Try it
Copy only what lies from the line containing "泰州医药城驻贵阳小组组长许正" through the line containing "Na poti smo" in the entries below, keeping both end lines exact and dropping every picture.

Material supplied
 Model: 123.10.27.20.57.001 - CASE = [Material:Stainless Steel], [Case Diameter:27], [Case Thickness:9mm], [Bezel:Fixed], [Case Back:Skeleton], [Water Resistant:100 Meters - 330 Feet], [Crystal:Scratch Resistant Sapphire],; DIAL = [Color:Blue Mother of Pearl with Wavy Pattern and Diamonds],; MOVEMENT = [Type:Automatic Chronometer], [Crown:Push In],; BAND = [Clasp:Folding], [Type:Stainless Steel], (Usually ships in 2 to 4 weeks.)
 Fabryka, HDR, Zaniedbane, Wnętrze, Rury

---

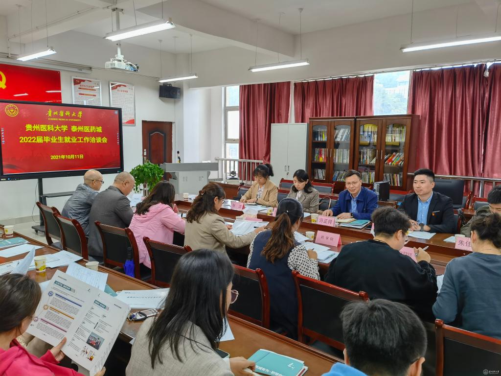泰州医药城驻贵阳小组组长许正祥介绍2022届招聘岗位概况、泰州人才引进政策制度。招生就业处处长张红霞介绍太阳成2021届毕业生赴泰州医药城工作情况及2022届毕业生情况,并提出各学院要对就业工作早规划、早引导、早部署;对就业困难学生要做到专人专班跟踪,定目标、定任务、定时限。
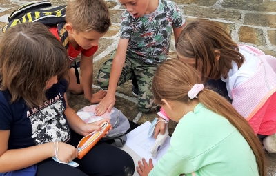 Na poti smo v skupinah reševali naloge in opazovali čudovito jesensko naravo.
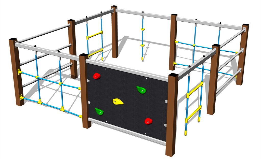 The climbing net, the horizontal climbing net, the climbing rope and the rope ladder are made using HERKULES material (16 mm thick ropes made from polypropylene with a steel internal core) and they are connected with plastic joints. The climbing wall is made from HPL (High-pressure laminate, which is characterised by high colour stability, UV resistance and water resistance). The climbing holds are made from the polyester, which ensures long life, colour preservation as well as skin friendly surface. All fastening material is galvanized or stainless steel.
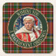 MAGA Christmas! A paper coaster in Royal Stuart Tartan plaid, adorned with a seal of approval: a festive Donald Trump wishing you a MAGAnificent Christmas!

Expected answer
泰州医药城驻贵阳小组组长许正祥介绍2022届招聘岗位概况、泰州人才引进政策制度。招生就业处处长张红霞介绍太阳成2021届毕业生赴泰州医药城工作情况及2022届毕业生情况,并提出各学院要对就业工作早规划、早引导、早部署;对就业困难学生要做到专人专班跟踪,定目标、定任务、定时限。
 Na poti smo v skupinah reševali naloge in opazovali čudovito jesensko naravo.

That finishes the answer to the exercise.